Query (0): is an invalid pointer
Connection ID (thread ID): 8
Status: NOT_KILLED

You may download the Percona XtraDB Cluster operations manual by visiting
http://www.percona.com/software/percona-xtradb-cluster/. You may find information
in the manual which will help you identify the cause of the crash.
140516 05:31:15 mysqld_safe Number of processes running now: 0
140516 05:31:15 mysqld_safe WSREP: not restarting wsrep node automatically
140516 05:31:15 mysqld_safe mysqld from pid file /var/run/mysqld/mysqld.pid ended

The line “/usr/sbin/mysqld: Sort aborted: Query execution was interrupted” indicates, that there is a problem with one query. Perhaps see here: [url]MySQL Error: Sort aborted - Stack Overflow

Sojaducana, it seems you’ve hit this bug:
[url]https://bugs.launchpad.net/galera/+bug/1284803[/url]
I was already fixed in Galera 3.5:
[url]https://launchpad.net/percona-xtradb-cluster/+milestone/galera-3.5[/url]
So please upgrade the PXC packages.

Hi przemek,

How will I know the specific package version of Galera our system is running on?

Edit:

Nevermind, found the info the I need by:

dpkg -s percona-xtradb-cluster-galera-3.x

Hi guys,

I haven’t encountered (for some time now) the same issues above (as far as the logs are concerned) after the packages were updated.

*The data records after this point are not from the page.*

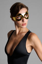 Die L’ANONYME Gold-Spiegelmaske wird wie ein Rätsel getragen. Diese einzigartige Kreation ist das unverzichtbare Accessoire für Rollenspiele, in denen Geheimnis und Eleganz regieren.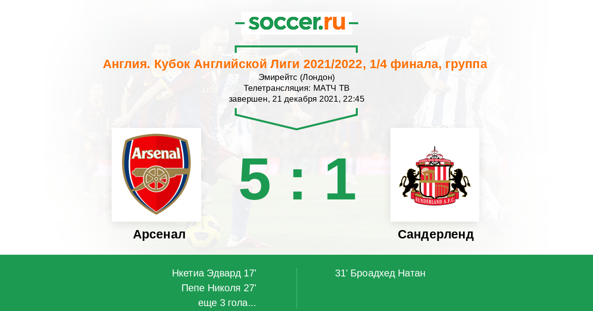 Подопечные Микеля Артеты в отличном состоянии, побеждают третью игру кряду в АПЛ. Кубок английской лиги лишним явно не будет. Учитывая успешность испанского специалиста в кубковых соревнованиях, есть основания полагать, что он отнесётся к выбору состава серьёзно. Думаем, с «Сандерлендом», имеющим массу проблем, «канониры» церемониться не станут.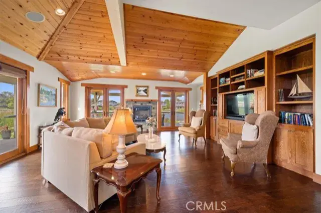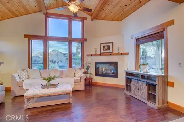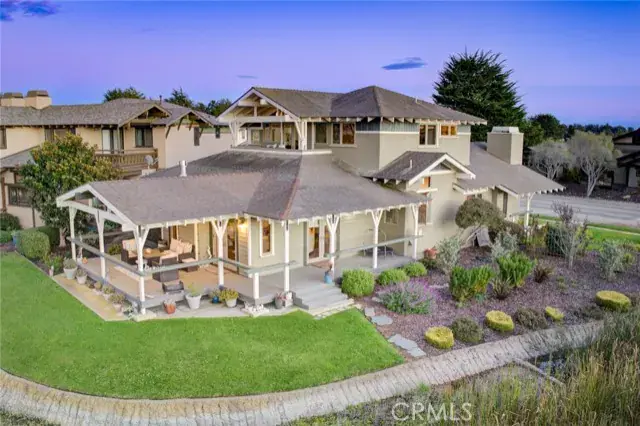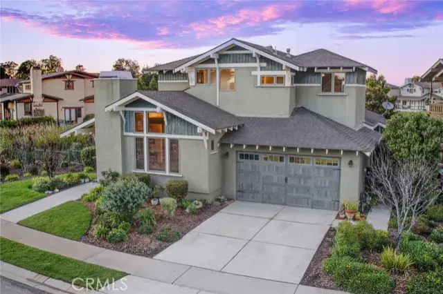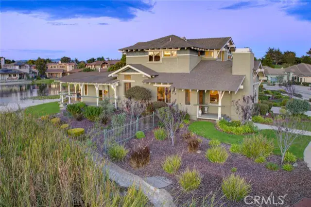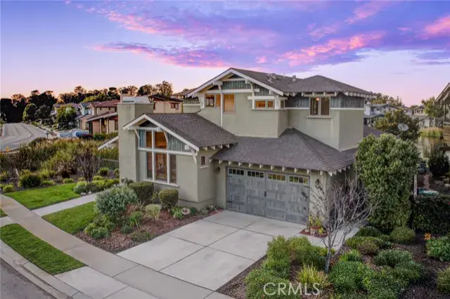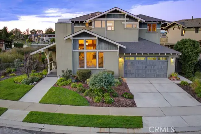 Located in the prestigious gated community of Cypress Ridge, this stunning Craftsman-style home offers true single-level living on the main floor. Set on an a corner lot with peaceful water views, it combines timeless elegance with everyday convenience just minutes from Central Coast beaches and San Luis Obispo. Thoughtfully designed for main-level living, the first floor features all essential spaces—including the spacious primary suite with patio access, a comfortable family room, a formal living and dining room with fireplace, a gourmet kitchen, the laundry room, and direct-access garage. The well-appointed kitchen boasts stainless steel appliances, granite countertops, bar seating, and a wine storage closet, making it ideal for cooking and entertaining. The upper level provides excellent flexibility with two guest suites both complete with en-suite full bathrooms, and a versatile loft, perfect for visitors, hobbies, or a home office. Vaulted pine ceilings, hardwood floors, and abundant natural light enhance the home’s warm, inviting atmosphere, while the wrap-around Trex deck offers the perfect setting to enjoy coastal breeze. Located within a secure gated community, residents can join the Peter Jacobsen–designed golf course, and enjoy scenic Audubon lake, playgrounds, and walking paths—an exceptional combination of refined Craftsman design and effortless Central Coast living.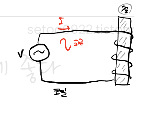 코일에는 교류가 흐르며 상을 바꿔주고 극을 회전시켜주며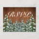 Cartão postal de RSVP para a sua celebração. Madeira marrom rústica, fundo nevado e floresta nevada. Estilo aconchegante e vintage country. Mais itens estão disponíveis neste estilo em nossa loja. Você pode editar ainda mais o design, alterar cores, fontes e adicionar texto extra clicando no link "personalizar ainda mais".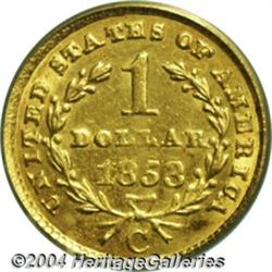 <table><tr><td><table><tr><td>1853-C G$1 AU58 PCGS. Variety 8-I. The 1853-C is a scarce coin with only 11,515 pieces produced, and is seldom seen above XF. It is also a problem-ridden issue that is often found with a poor strike and planchet problems. This piece is softly defined on Liberty's hair curls, and a faint diagonal pinscratch is detected on the obverse from 10 o'clock to the top of Liberty's crown. The surfaces are a reddish-gold color with considerable luster still surrounding the devices. <BR><BR><B>Important notice:</B> Heritage usually auctions material at the rate of 200-250 lots per hour. On some occasions eBay Live bid software or the Internet may not be able to keep up with the pace of the auction. We recommend placing a realistic absentee bid now as insurance to avoid disappointment. Occasionally the auctioneer may eliminate or reject an eBay Live bid, and the auctioneer may also reopen a lot after the close of the eBay live bidding (usually because we missed an audience bid), and may reject your bid even if it shows you as the winning bidder. By bidding via eBay Live, you agree that Heritage may award the lot to another bidder at its sole discretion under the circumstances described above or any other reasonable circumstances. Since eBay bids are not shown to us until we open the lot on the floor, we treat those bids just like floor bids. In most cases the floor responds before the eBay bid is presented to us, due to Internet lag time, so for consistency we have made it a policy that floor bids are always considered first over tie eBay live bids. Also please note that all Heritage lots purchased through eBay Live carry a 20% Buyer's Premium. Please make sure you read the Terms and Conditions before you bid. <BR><BR><B>IMPORTANT ANNOUNCEMENT ABOUT RESERVES:</B> Heritage now divulges all reserves on its web site 7 days before every auction. If you want to know whether the reserve on this lot has been met, and if not, what the reserve amount is, please visit this lot page on the HeritageCoin.com web site, or email: bid@HeritageGalleries.com </span></font></td></tr></table></td></tr></table>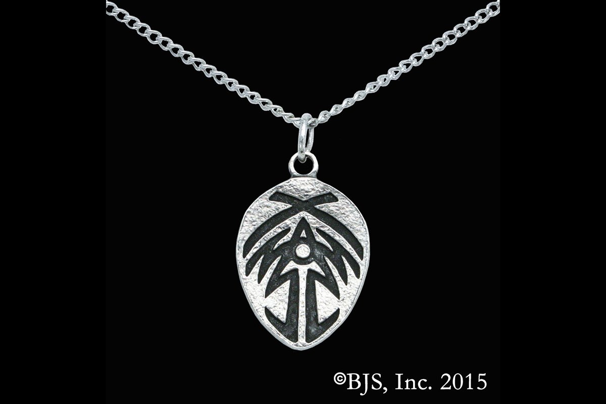 The glyph measures 34.8 mm long including the bail, 18.5 mm at the widest point, and 1.7 mm thick. The medallion weighs 4.4 grams. The back of the pendants is textured and stamped with Badali's makers mark, copyright, and metal content - sterling. Comes with a 24" sterling silver curb chain.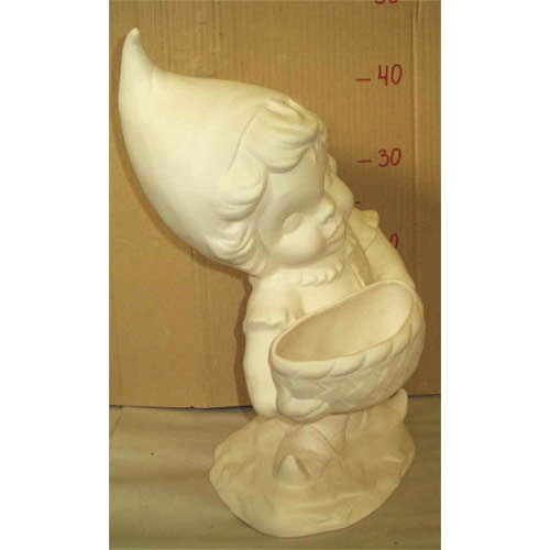 Réf. 10-083 naine / lutine de l'univers des elfes, figurine / cache-pot, h 50 ; biscuit de faïence fine (céramique brute à peindre ou à émailler)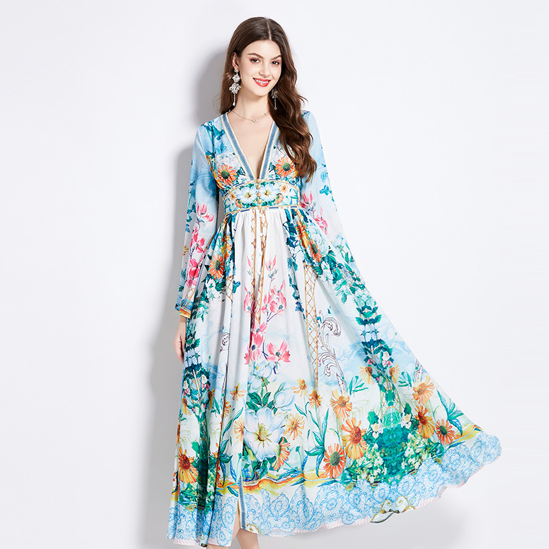 オリジナルスポット2024早春リゾート風デザイン感vネックプリント長袖ウエストワンピース

But earlier today, the cluster went down again, where all of the nodes were reportedly inaccessible by our proxy. Upon checking on each of the nodes, found out that the MySQL services were still running.

From what I minimally understand in the logs, it seems that the nodes suddenly couldn’t see each other.

Please help in understanding what exactly is happening here.

Node 1

Node 3 (Part 1)
































































Node 3 (part 2)

Node 4

Did you actually check the network connectivity between the nodes once this happened? Are those nodes a separate machines or mabe VMs, possibly sharing the same host machine, or storage?